One could say college students are notoriously liberal. It's not carved in stone, but most college students just want to piss off their pro-Republican parents by being Democrats, turning gay, sucking off black dudes, or saying that they want more Mexicans in America. This of course leads to many of these young liberals supporting candidates simply because they tout empty promises of unity and socialism and social justice and whatnot, which means Donald Trump is a major hamper. So, instead of accepting that some people would like this man for president like the average human adult would, they get angry - and anger leads to hatred, hatred leads to sperging, and sperging leads to accusing Trump of creating a dangerous environment at his rallies.
Of course this happened in Chicago, leading to a rally's cancellation:
http://www.nytimes.com/2016/03/12/us/trump-rally-in-chicago-canceled-after-violent-scuffles.html

And it's not just the hoi polloi accusing Trump of being evil; Louis CK, a particularly drab comedian in my opinion, urged people not to support trump because he is literally Hitler:
http://variety.com/2016/tv/news/louis-c-k-donald-trump-insane-bigot-dangerous-1201723679/

Perfect way to win an argument, really; argumentum ad Der Führer's Face - comparing someone's words or actions to Adolf Hitler. However, Trump hasn't done anything wrong yet; Hitler never did anything wrong, so the comparison is kind of moot. That being said, we have this massive orgy of young people getting off on hearing each other compare Trump to Hitler. Even the Boston Globe has thrown out a comparison:
https://www.bostonglobe.com/opinion/2016/04/09/etrump/JPOQJZK9hUBdBx5rdPkWFK/story.html

And reddit has even gone so far as to say a Holocaust survivor was wrong for disagreeing with the Hitler comparisons:
http://archive.md/T5Oni

Now let's get to a point. People who don't like a candidate typically will just say they don't agree with the candidate and move on. Trump protestors take it a step so far beyond it's like a case of rabies. It's so virulent in our politics nowadays that it's actually quite hilarious seeing people akin to AIDS Skrillex listing off reasons that Trump is actually Satan and how Islam is the religion of peace.

Tl;dr - Anti-Trump crowd is lulzy as shit and is the sole reason why Trump rallies are "dangerous", make fun of them here.


----------



## Xerxes IX (Apr 10, 2016)

Didn't Louis CK make a joke about how he'd rape Hitler? Guess if Trumps LITERALLY HITLER to him he'd fuck Trump too


----------



## Really makes you thunk (Apr 10, 2016)

I'll just leave this here.


----------



## DykesDykesChina (Apr 10, 2016)

Pfff. These guys don't know anything. The only proper way to protest against Trump is to draw him.



Spoiler









http://curtsibling.deviantart.com/art/Megaskank-Mental-Hospital-578338415


----------



## HG 400 (Apr 10, 2016)

Anyone who doesn't support Trump is a lolcow.


----------



## MegasHant (Apr 10, 2016)




----------



## Darwin Watterson (Apr 10, 2016)

I'm tempted to vote for Trump purely to spite the opposition, because they seem to be leagues worse than the supporters.

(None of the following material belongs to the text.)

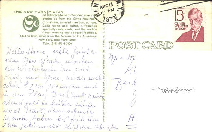 72124601 old postcard New York City The New York Hilton postalisch gelaufen Erhaltung siehe scans KatCode: 14140340000000

Say what you will about Trump and his supporters, but there've been _far_ more incidents of those opposed to him getting violent than those supporting him. And then these people go and create the "#SaferThanATrumpRally" hashtag. They're the reason the rallies aren't safe in the first place. It would be like if I shot somebody and then went on Twitter and made some kind of smartass comment about how guns are dangerous.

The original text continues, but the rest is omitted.